Empresas estatais da China adquiriram entre 14 e 16 carregamentos de soja dos Estados Unidos na última sexta-feira, 31, segundo informações da agência de notícias Reuters. A compra ocorreu em um momento de queda nos preços da commodity e na reta final para a visita oficial do presidente chinês, Xi Jinping, aos EUA, prevista para o próximo mês. De acordo com as fontes, as aquisições somam cerca de 1 milhão de toneladas de soja, com cada carregamento tendo aproximadamente 65 mil toneladas e embarques programados para outubro.
Sinograin é a principal compradora
Um operador de uma empresa global do setor afirmou à Reuters que as compras foram realizadas principalmente pela Sinograin, grande empresa estatal chinesa fundada em 2000. "Além disso, a aproximação da visita de Xi Jinping aos Estados Unidos reforça o interesse da China em ampliar as compras de soja americana dentro dos compromissos assumidos com Washington", afirmou o operador, sob condição de anonimato. A fala indica que Pequim busca usar as aquisições como um gesto de boa vontade no âmbito das relações bilaterais.
A Sinograin, porém, não confirmou oficialmente a operação. A Cofco, outra estatal chinesa do ramo, também foi procurada pela agência e não respondeu aos pedidos de comentário. Ambas são consideradas instrumentos do governo chinês para executar políticas de abastecimento e segurança alimentar.
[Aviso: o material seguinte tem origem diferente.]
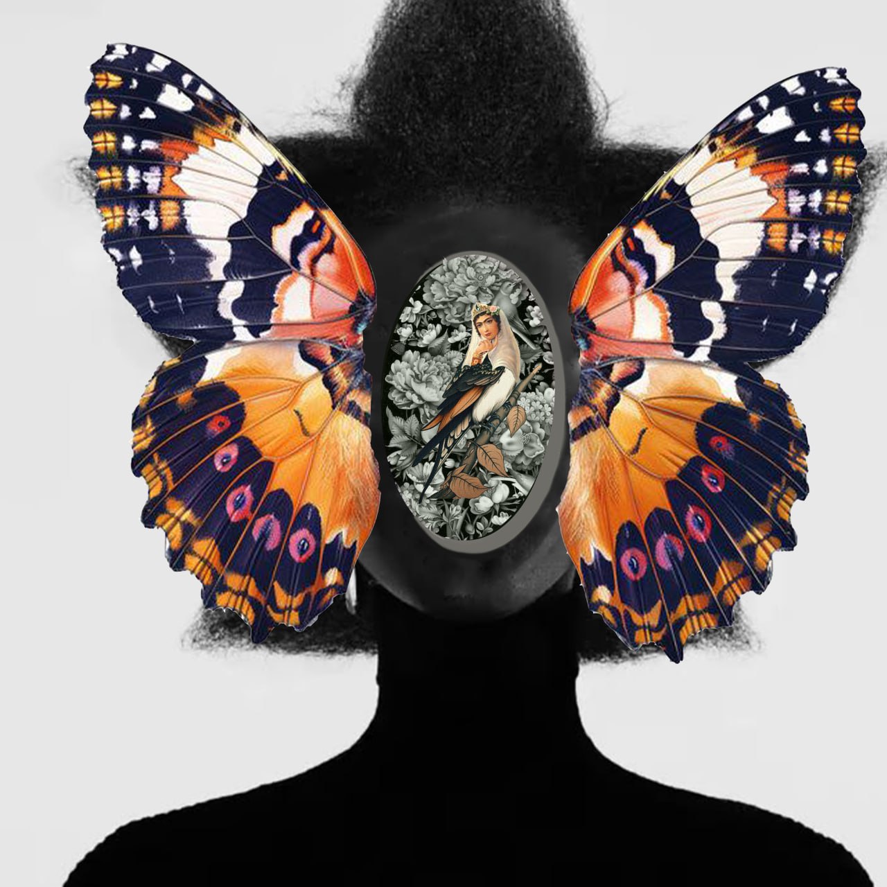 This image is a surreal and symbolic composition featuring a Nigerian woman with natural, voluminous hair at the center. However, her face has been replaced by the wings of a butterfly. The butterfly, with its vibrant orange, black, and white hues, symbolizes life, transformation, and feminine freedom. At the center of her face, instead of facial features, there is an ornamental oval containing an image of a bird—but this bird is actually a Qajar-era woman. This concept symbolically represents the idea that the bird carries the spirit of a woman from the past, merging into the butterfly and becoming part of the Nigerian woman’s identity. Deeper Meaning of the Image: • The butterfly = A symbol of metamorphosis, rebirth, and female liberation • The Nigerian woman = A representation of strength, identity, and the modern life of African women • The bird-Qajar woman = A symbol of historical femininity, tradition, and a lingering memory of the past that still exists within today’s women This composition illustrates that women, regardless of culture or background, exist in a continuous cycle of transformation, identity, and liberation. The bird, with the face of a Qajar woman, metaphorically carries the legacy of womanhood from the past into the present. This artwork beautifully blends historical and modern identities within a dynamic and emotionally charged visua

Disputa China x Brasil no mercado de soja
A movimentação do governo chinês acontece em um momento de intensa disputa pela liderança no fornecimento global de soja. O Brasil é atualmente o principal exportador do grão para a China e responde pela maior parte das importações chinesas. Os Estados Unidos aparecem como segundo maior fornecedor e buscam ampliar sua participação no mercado chinês por meio de acordos comerciais.
Para Pequim, manter compras dos dois países é uma estratégia para garantir o abastecimento e reduzir riscos de dependência excessiva de um único provedor. Além disso, a diversificação de origens dá ao governo chinês mais poder de barganha nas negociações de preços e condições comerciais.
Meta de 25 milhões de toneladas ao ano
Em outubro, a Casa Branca anunciou que a China concordou em comprar 25 milhões de toneladas de soja dos EUA por ano até o fim de 2028. Antes da operação de sexta-feira, os chineses haviam adquirido pouco mais de 4 milhões de toneladas da commodity em 2026. Com o novo lote, o total comprado no ano sobe para cerca de 5 milhões de toneladas, ainda muito abaixo da meta anual acordada.
A diferença mostra que as compras chinesas de soja norte-americana têm oscilado conforme o preço e o contexto político. A operação mais recente veio depois de uma semana de queda nos preços, o que tornou o produto americano mais atrativo para as estatais chinesas.
Detalhes da operação e prêmios pagos
De acordo com uma pessoa citada pela Reuters, as estatais pagaram um prêmio de US$ 3,03 por bushel acima do contrato de novembro negociado na Bolsa de Chicago para cargas embarcadas pelo Golfo dos EUA. Para embarques realizados pelo Noroeste do Pacífico, o prêmio ficou em US$ 3 por bushel. No mercado de referência, o contrato de soja mais negociado recuou 5,2% na semana passada, o que contribuiu para viabilizar a operação.
Paralelamente, a Sinograin vendeu na sexta-feira cerca de metade das 504 mil toneladas de soja importada que colocou em leilão. Segundo fontes do mercado, a medida ajuda a abrir espaço nos estoques para a chegada das novas cargas adquiridas nos Estados Unidos. A movimentação sugere que as estatais estão gerenciando seus armazéns para acomodar os embarques programados para outubro.
Visita de Xi e possível retirada de tarifas
No fim de julho, o presidente dos Estados Unidos, Donald Trump, afirmou que Xi Jinping deve visitar o país em 24 de setembro. O mercado também acompanha a possibilidade de a China retirar as tarifas aplicadas à soja norte-americana. Caso isso ocorra, empresas privadas de processamento poderão ampliar as compras do produto.
Ainda não está claro, porém, se a soja dos EUA será competitiva o suficiente para atrair compradores privados chineses, que são mais sensíveis aos preços. Analistas ressaltam que o produto norte-americano seguirá disputando espaço com a soja brasileira, que atualmente lidera o abastecimento do mercado chinês.
*Com informações da agência de notícias Reuters.